[What the task asks]:
Give back every record below word for word, with the pictures omitted.

Records from a data source
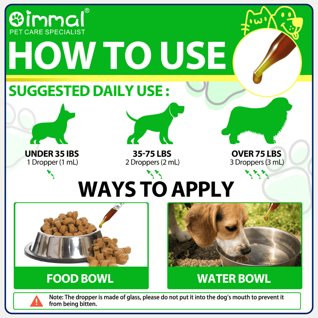 The product comes in liquid drop form with a glass dropper for easy measuring. It can be added to your dog’s food bowl or water bowl as shown in the usage instructions. The liquid format is designed to be easier to feed than pills or capsules.
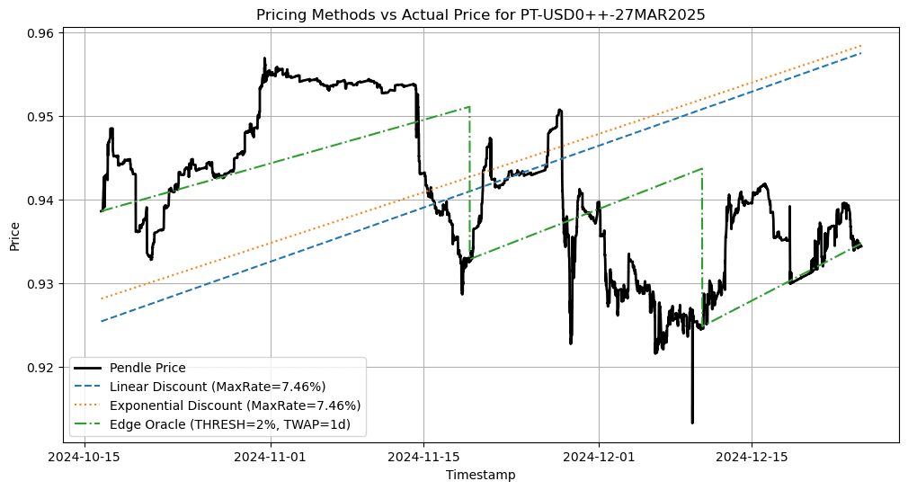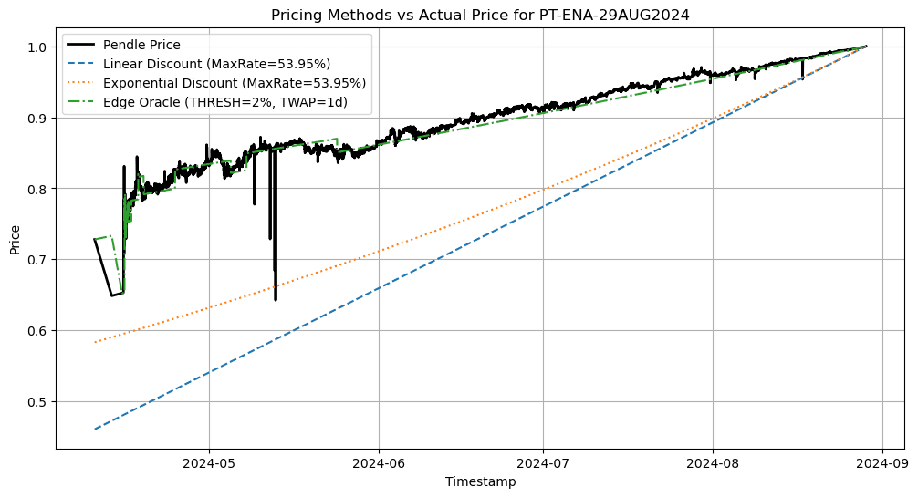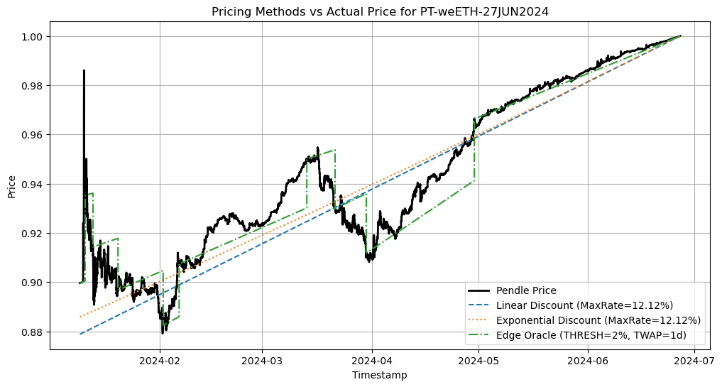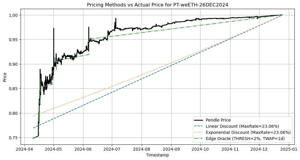 We compare the proposed pricing methods by visualizing their performance under different conditions. Our plots include three Edge Oracle curves (using different thresholds), the exponential lower and linear lower bound. To illustrate capital efficiency, we analyze two Pendle-onboarded assets with varying APY levels—PT-weETH (normal APY) and PT-ENA (high APY). This comparison highlights the similarities and differences in PT token pricing through a working example and simulations across different APY levels.
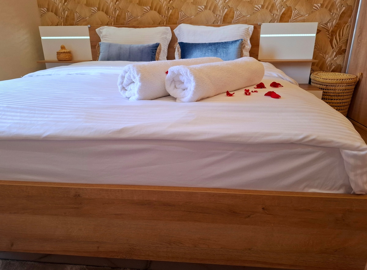 Luxuriöses Zimmer : Queensize-Bett ,kleine Terrasse mit Blick auf das Meer,ein kleiner Salon,moderne Toilette, eine gut ausgestattete Dusche mit Handtüchern,natürlicher Seife und Shampoo.
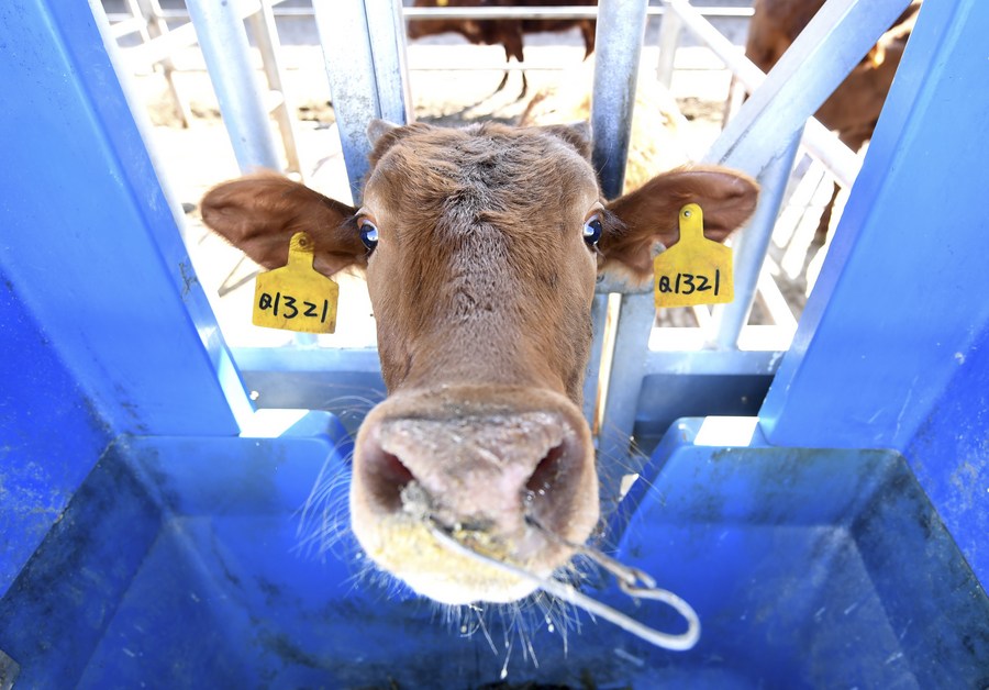 Photo taken on Feb. 5, 2021 shows Qinchuan cattle at China's National Beef Cattle Improvement Center in Yangling, northwest China's Shaanxi Province. (Xinhua/Li Yibo)
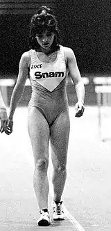 ![]() Carla Tuzzi with the athletics leotard of Snam Gas Metano in 1990s . | ||||||||||||
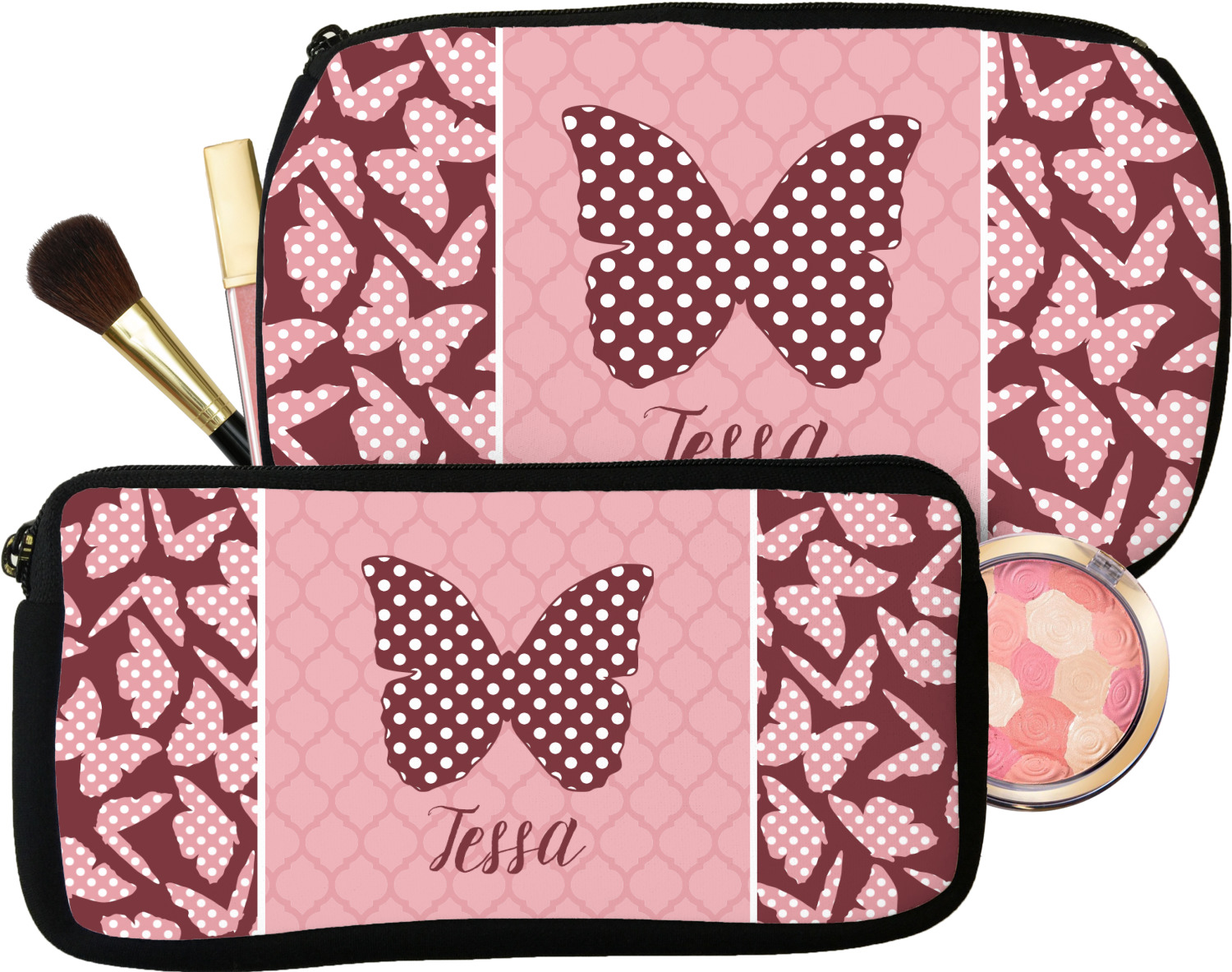 Our personalized makeup bags are available in many different designs, patterns and colors - so you are sure to find one that will love. They are made of neoprene (same material as wet-suits) and thus are water resistant, so spillages in your makeup bag will not end up all over you purse. They are customized on one side and are black on the other side and the zipper is black as well.

[Output]:
 The product comes in liquid drop form with a glass dropper for easy measuring. It can be added to your dog’s food bowl or water bowl as shown in the usage instructions. The liquid format is designed to be easier to feed than pills or capsules.
 We compare the proposed pricing methods by visualizing their performance under different conditions. Our plots include three Edge Oracle curves (using different thresholds), the exponential lower and linear lower bound. To illustrate capital efficiency, we analyze two Pendle-onboarded assets with varying APY levels—PT-weETH (normal APY) and PT-ENA (high APY). This comparison highlights the similarities and differences in PT token pricing through a working example and simulations across different APY levels.
 Luxuriöses Zimmer : Queensize-Bett ,kleine Terrasse mit Blick auf das Meer,ein kleiner Salon,moderne Toilette, eine gut ausgestattete Dusche mit Handtüchern,natürlicher Seife und Shampoo.
 Photo taken on Feb. 5, 2021 shows Qinchuan cattle at China's National Beef Cattle Improvement Center in Yangling, northwest China's Shaanxi Province. (Xinhua/Li Yibo)
 ![]() Carla Tuzzi with the athletics leotard of Snam Gas Metano in 1990s . | ||||||||||||
 Our personalized makeup bags are available in many different designs, patterns and colors - so you are sure to find one that will love. They are made of neoprene (same material as wet-suits) and thus are water resistant, so spillages in your makeup bag will not end up all over you purse. They are customized on one side and are black on the other side and the zipper is black as well.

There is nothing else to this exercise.